▸ PROMPT:
Could you retype exactly the lines below between the one holding "OnePlus Nord 3 Case" and the one holding "As previously mentioned, a", inclusive, leaving out any pictures?

▸ DATA FOR THIS EXERCISE:
Segment Open

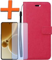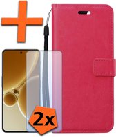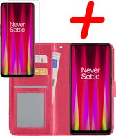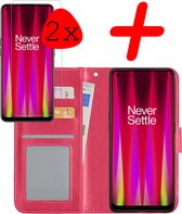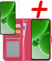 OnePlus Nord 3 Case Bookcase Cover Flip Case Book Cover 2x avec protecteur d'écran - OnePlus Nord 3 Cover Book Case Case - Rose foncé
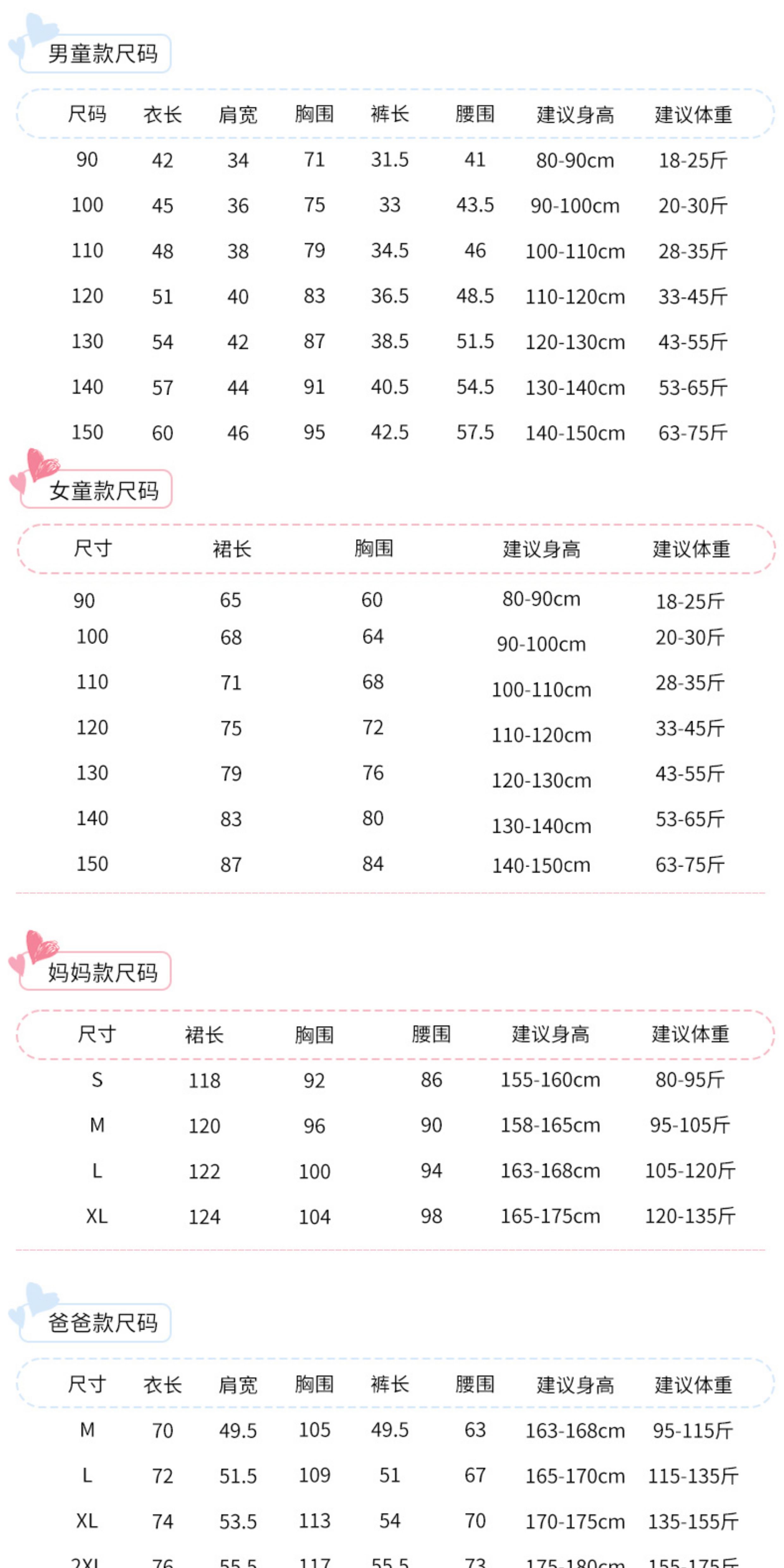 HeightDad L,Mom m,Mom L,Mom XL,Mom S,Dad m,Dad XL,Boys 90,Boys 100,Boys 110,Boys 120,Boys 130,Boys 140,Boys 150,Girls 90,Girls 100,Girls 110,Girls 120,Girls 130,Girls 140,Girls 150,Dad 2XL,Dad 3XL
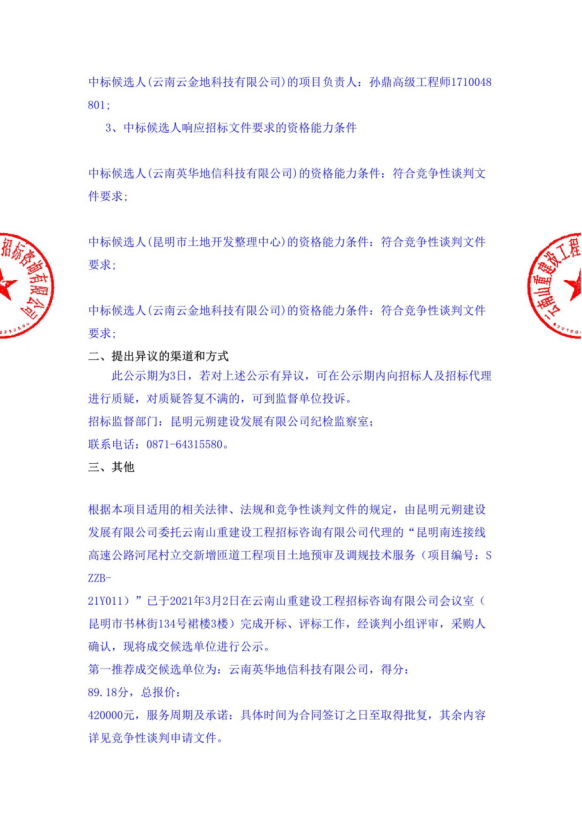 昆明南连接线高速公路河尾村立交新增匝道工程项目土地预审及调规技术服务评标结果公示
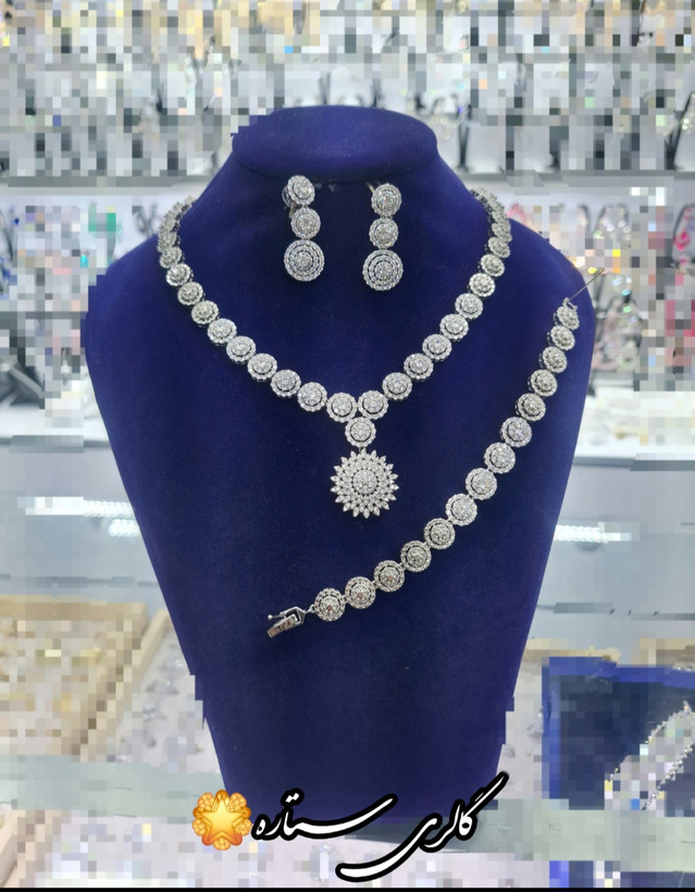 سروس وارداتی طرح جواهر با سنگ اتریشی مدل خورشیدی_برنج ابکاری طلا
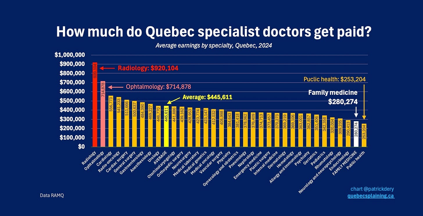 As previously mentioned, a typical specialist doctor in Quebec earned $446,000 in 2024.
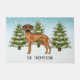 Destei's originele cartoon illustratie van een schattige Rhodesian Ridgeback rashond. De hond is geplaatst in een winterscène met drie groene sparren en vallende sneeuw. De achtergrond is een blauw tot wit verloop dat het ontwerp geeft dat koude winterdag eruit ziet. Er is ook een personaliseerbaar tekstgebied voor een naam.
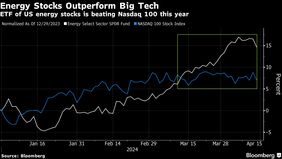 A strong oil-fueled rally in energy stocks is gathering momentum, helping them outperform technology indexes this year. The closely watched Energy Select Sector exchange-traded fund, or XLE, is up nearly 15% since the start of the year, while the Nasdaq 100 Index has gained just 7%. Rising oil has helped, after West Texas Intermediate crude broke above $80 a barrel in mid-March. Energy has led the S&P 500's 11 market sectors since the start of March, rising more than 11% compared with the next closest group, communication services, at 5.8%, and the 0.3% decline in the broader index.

Segment Closed
Segment Open

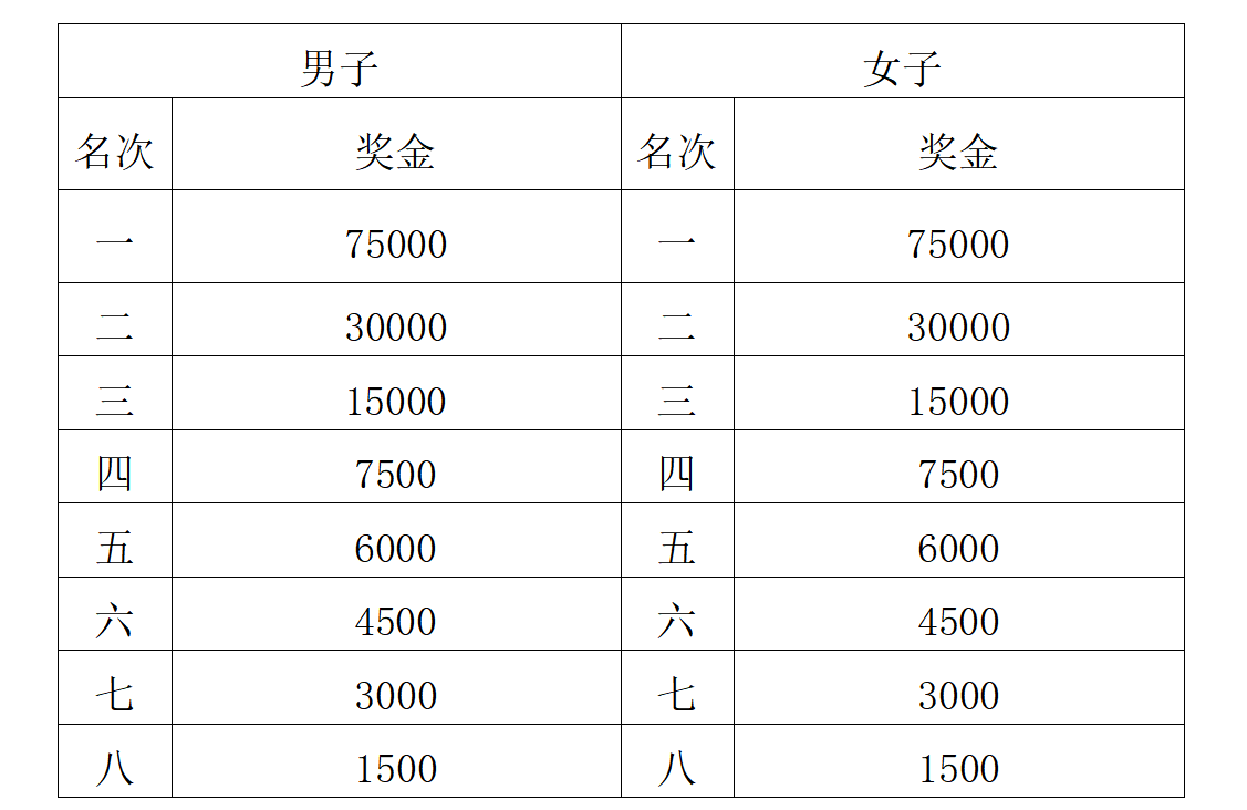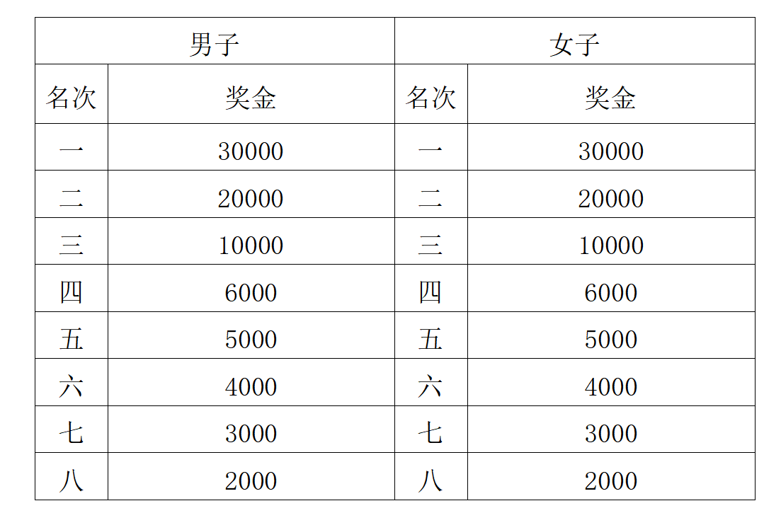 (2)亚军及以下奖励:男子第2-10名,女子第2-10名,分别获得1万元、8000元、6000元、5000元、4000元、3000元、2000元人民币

Segment Closed

▸ ANSWER SPACE:
 OnePlus Nord 3 Case Bookcase Cover Flip Case Book Cover 2x avec protecteur d'écran - OnePlus Nord 3 Cover Book Case Case - Rose foncé
 HeightDad L,Mom m,Mom L,Mom XL,Mom S,Dad m,Dad XL,Boys 90,Boys 100,Boys 110,Boys 120,Boys 130,Boys 140,Boys 150,Girls 90,Girls 100,Girls 110,Girls 120,Girls 130,Girls 140,Girls 150,Dad 2XL,Dad 3XL
 昆明南连接线高速公路河尾村立交新增匝道工程项目土地预审及调规技术服务评标结果公示
 سروس وارداتی طرح جواهر با سنگ اتریشی مدل خورشیدی_برنج ابکاری طلا
 As previously mentioned, a typical specialist doctor in Quebec earned $446,000 in 2024.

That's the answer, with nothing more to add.